The real reason is normalisation, and you will break the first normalform by doing it.
However, there are many cases in which a breach of the normal forms could be considered. How many fields are you dealing with and are they all booleans?
Storing an array serialized as a string in your database will have the following disadvantages (among others):
When you need to update your settings you must first extract the current settings from the database, unserialize the array, change the array, serialize the array and update the data in the table.
When searching, you will not be able to just ask the database whether a given user (or a set of users) has a given setting disabled or enabled, thus you won't have any chances of searching.
Instead, you should really consider the option of creating another table with the records you need as a one-to-many relation from your other table. Thus you won't have 30 empty fields, but instead you can just have a row for each option that deviates from the default (note that this option has some disadvantages aswell, for example if you change the default).

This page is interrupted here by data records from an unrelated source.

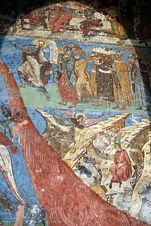 La voûte du pronaos représente la vierge entourée d'anges et de prophètes. Au-dessus de la porte donnant sur la chambre des tombeaux la dormition de la Vierge.
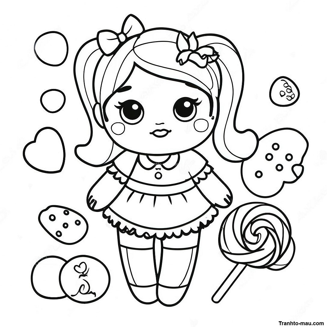 Tải xuống PDF có thể in của Trang Tô Màu Búp Bê Ngọt Ngào Với Đồ Ăn Vặt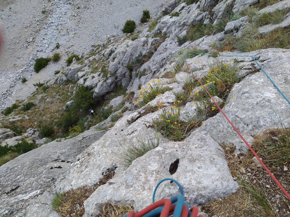 Aynı rotadan iki ip inişi ile vadi tabanına varılıyor. Eğer arzu edilirse rota bitiminden yürüyerek inilebilir.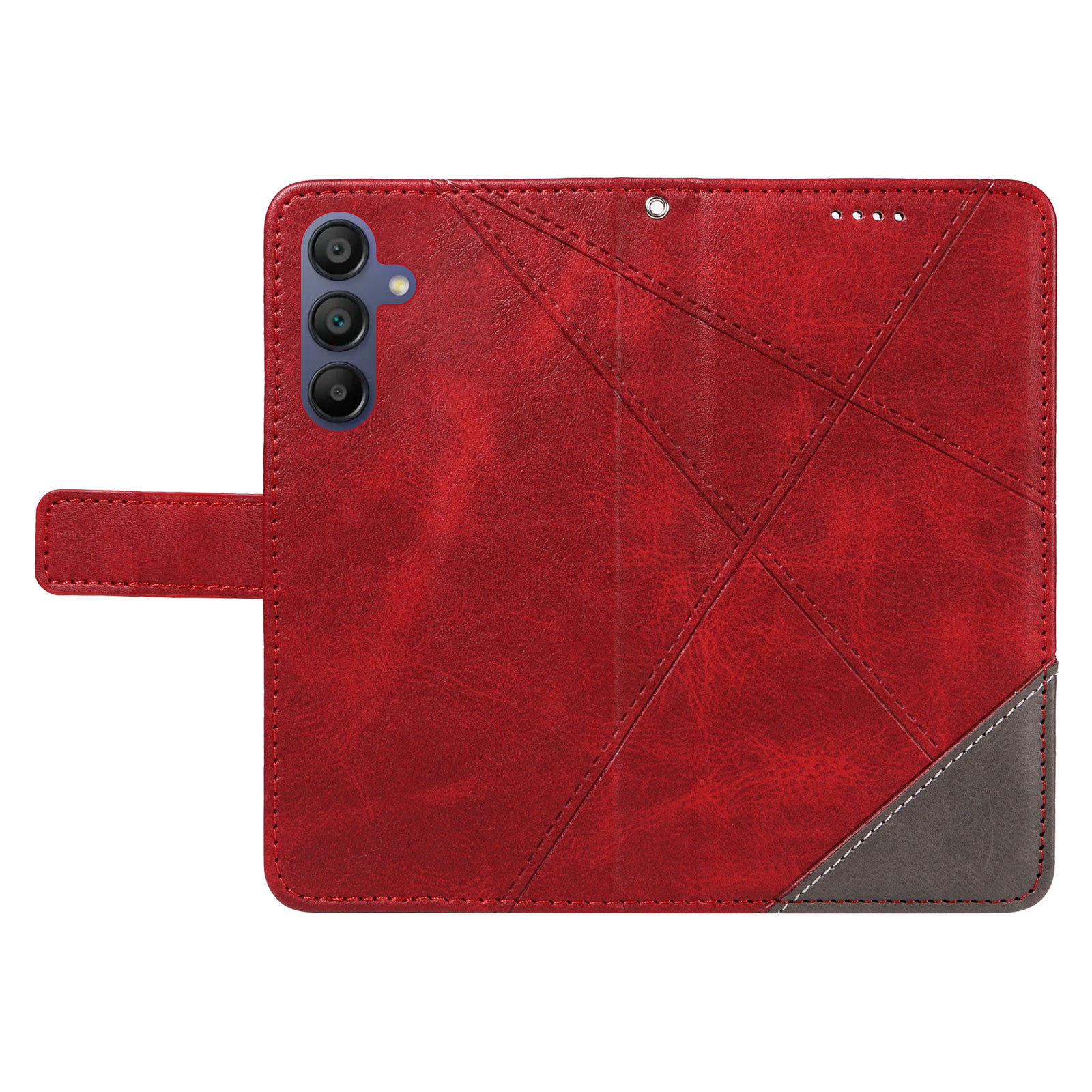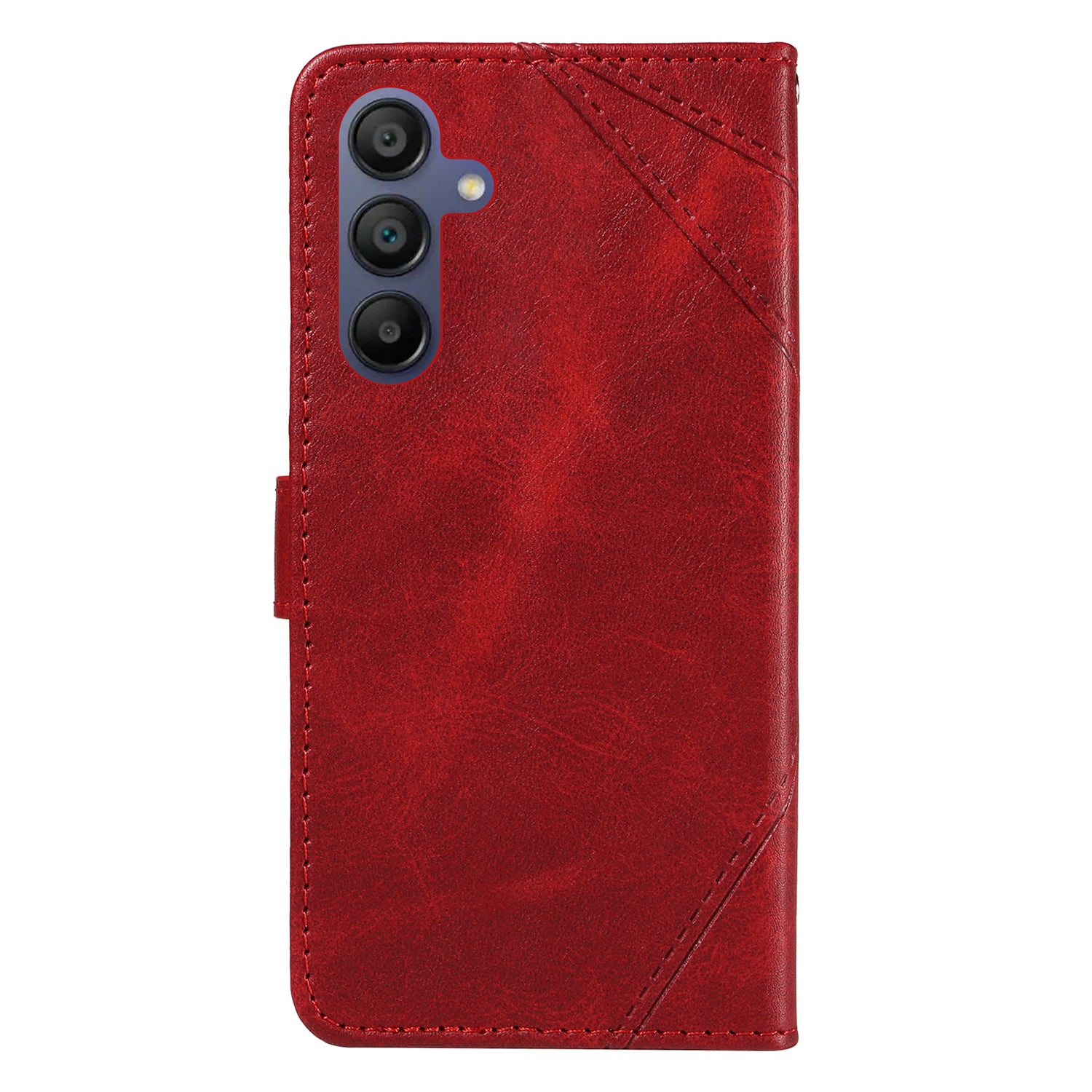 For Samsung Galaxy A16 5G / A16 4G Case Leather Geometric Line Wallet Phone Cover with Wrist Strap - Red

In sum: I think you should avoid serializing arrays and putting them into the databases, at least if you care just a tiny bit about the aforementioned disadvantages.
The proper way (which isn't always the best way)
CREATE TABLE mytable (
myid INT UNSIGNED NOT NULL PRIMARY KEY AUTO_INCREMENT,
mytitle VARCHAR(100) NOT NULL
);
CREATE TABLE myarrayelements (
myarrayid INT UNSIGNED NOT NULL PRIMARY KEY AUTO_INCREMENT,
myid INT UNSIGNED NOT NULL,
mykey VARCHAR(100) NOT NULL,
myval VARCHAR(100) NOT NULL,
INDEX(myid)
);
$myarray = array();
$res = mysql_query("SELECT mykey, myval FROM myarrayelements WHERE myid='$myid'");
while(list($k, $v) = mysql_fetch_array($res)) $myarray[$k] = $v;
Although sometimes it's more convenient to store a comma separated list.
One thing is that extensibility in limited. Database should not be mixed with programming environment. Also changing the values in database and debugging is much easier. The database and cgi can be interchanged to another database or cgi like perl.
One of the reasons to use a relational database is to help maintain data integrity. If you just have a serialized array dumped into a blob in a table there is no way for the database to do any checking that what you have in that blob makes any sense.
Any reason you can't store your settings in a configuration file on the server? For example, I save website or application settings in a config.php rather than a database.